Nuxt HN | Ask HN: How to stop an AWS bot sending 2B requests/month

Ask HN: How to stop an AWS bot sending 2B requests/month

I have been struggling with a bot– 'Mozilla/5.0 (compatible; crawler)' coming from AWS Singapore – and sending an absurd number of requests to a domain of mine, averaging over 700 requests/second for several months now. Thankfully, CloudFlare is able to handle the traffic with a simple WAF rule and 444 response to reduce the outbound traffic.

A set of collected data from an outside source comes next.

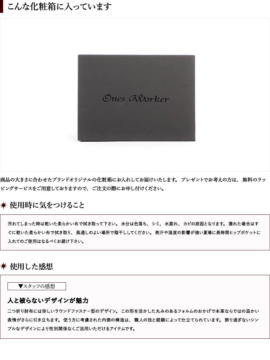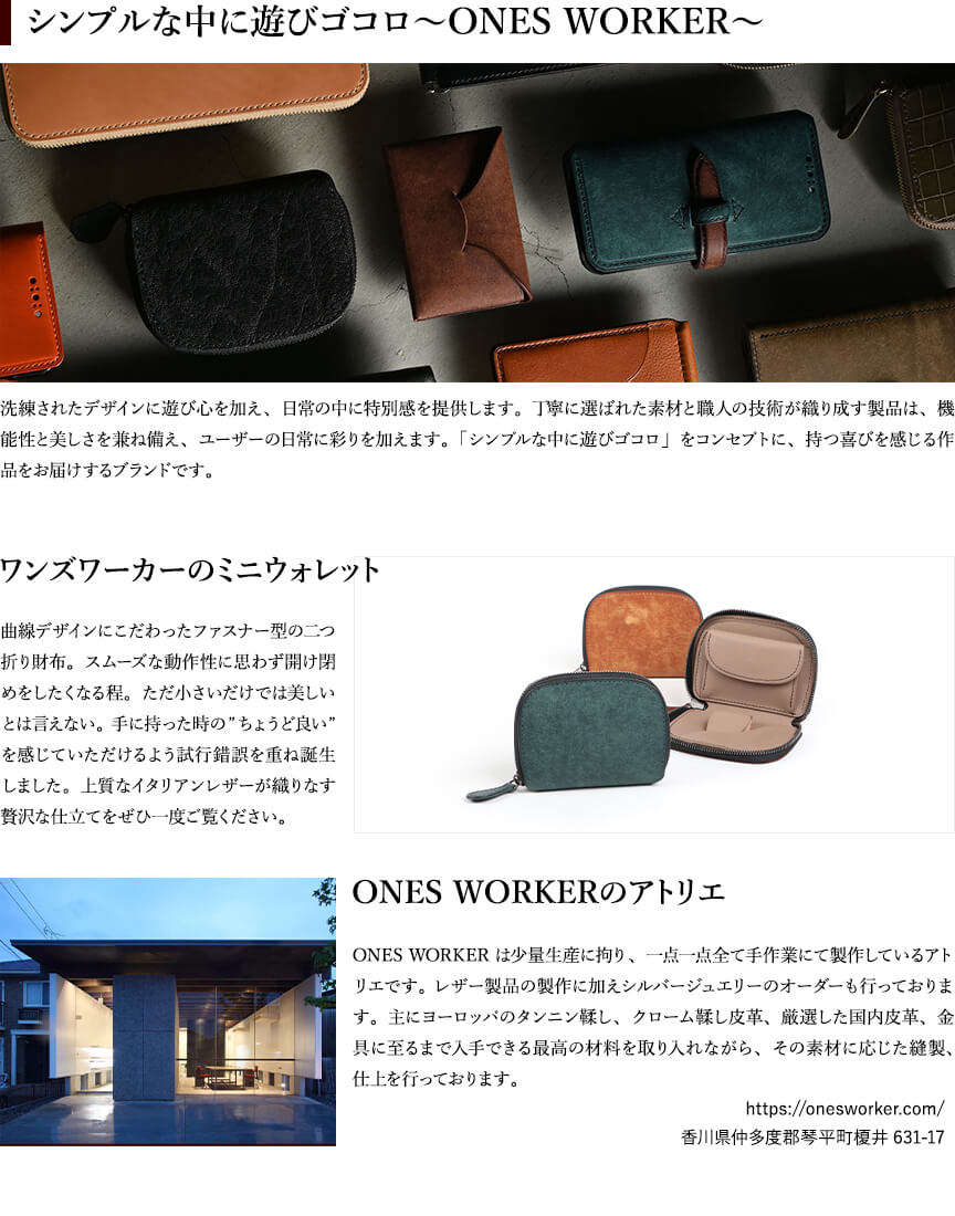 ワンズワーカー ファスナーウォレット ショートタイプ ラウンドミニ財布 ONES WORKER
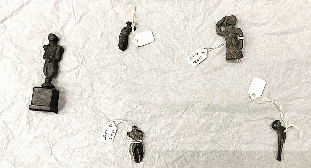 Το μαρμάρινο αναθηματικό ανάγλυφο (ύψους 52 εκατοστών και αντίστοιχα πλάτους 92 εκατοστών) έχει τη μορφή ναΐσκου και στην παράσταση εικονίζεται η Άρτεμις, όρθια και επιβλητική, με τη φαρέτρα να προβάλει πίσω από τη ράχη της. Τα χάλκινα ειδώλια, τρία ανδρικά και δύο γυναικεία (ύψους περίπου 6 εκατοστών), ακολουθούν τον τύπο του λατρευτή με το ανασηκωμένο στην κεφαλή της δεξιάς χειρός, χαρακτηριστική χειρονομία της δέησης απέναντι στη θεότητα. Όλα τα αντικείμενα παραδόθηκαν στο Αρχαιολογικό Μουσείο του Πειραιά.
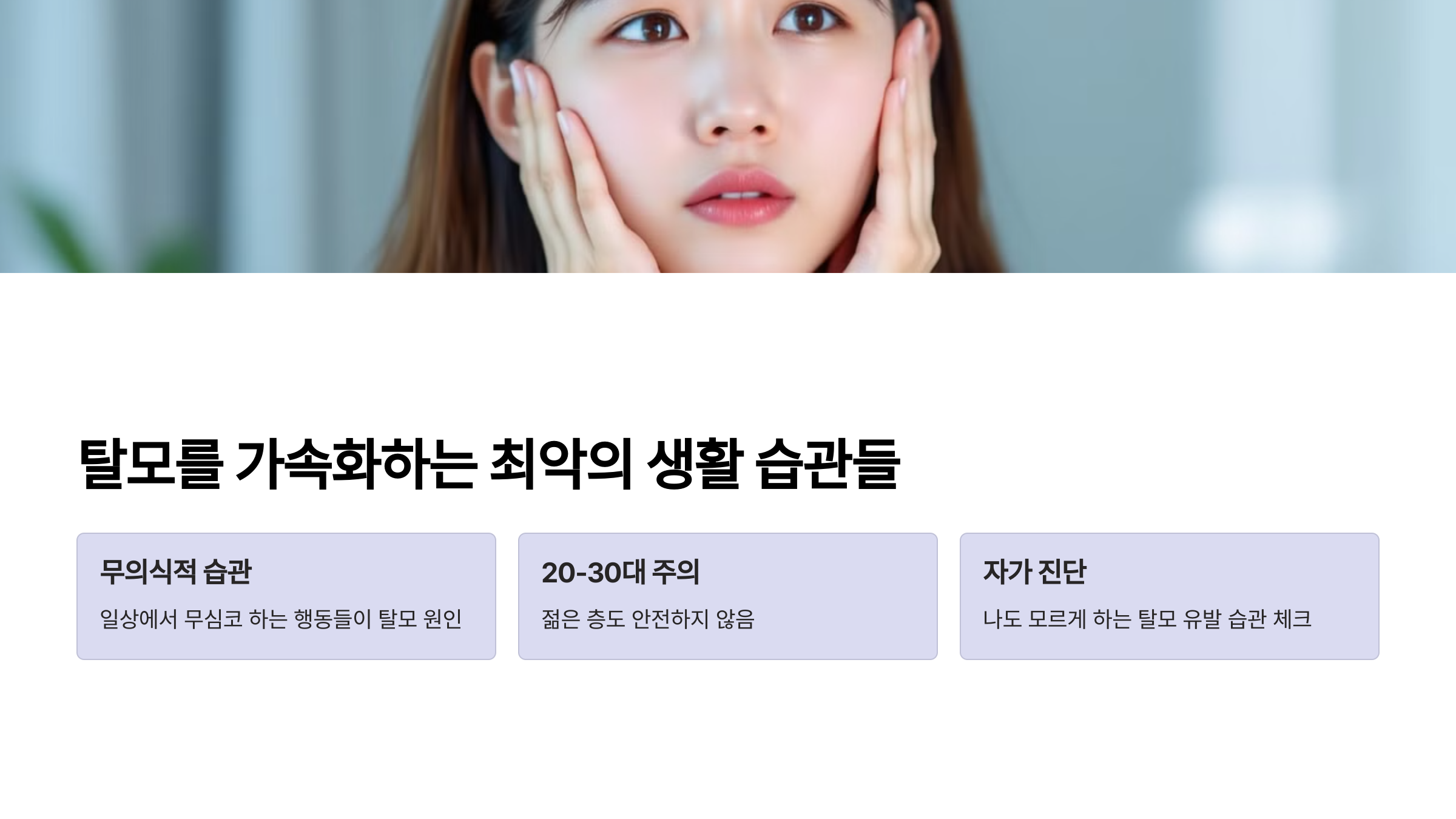 이런 초기 신호들을 발견했다면, 생활 습관부터 점검해보는 게 좋아요. 그럼 다음으로 어떤 습관들이 탈모를 더 악화시키는지 알아볼까요?

I've submitted several complaints to AWS to get this traffic to stop, their typical followup is: We have engaged with our customer, and based on this engagement have determined that the reported activity does not require further action from AWS at this time.

I've tried various 4XX responses to see if the bot will back off, I've tried 30X redirects (which it follows) to no avail.

The traffic is hitting numbers that require me to re-negotiate my contract with CloudFlare and is otherwise a nuisance when reviewing analytics/logs.

I've considered redirecting the entirety of the traffic to aws abuse report page, but at this scall, it's essentially a small DDoS network and sending it anywhere could be considered abuse in itself.

Are there others that have similar experience?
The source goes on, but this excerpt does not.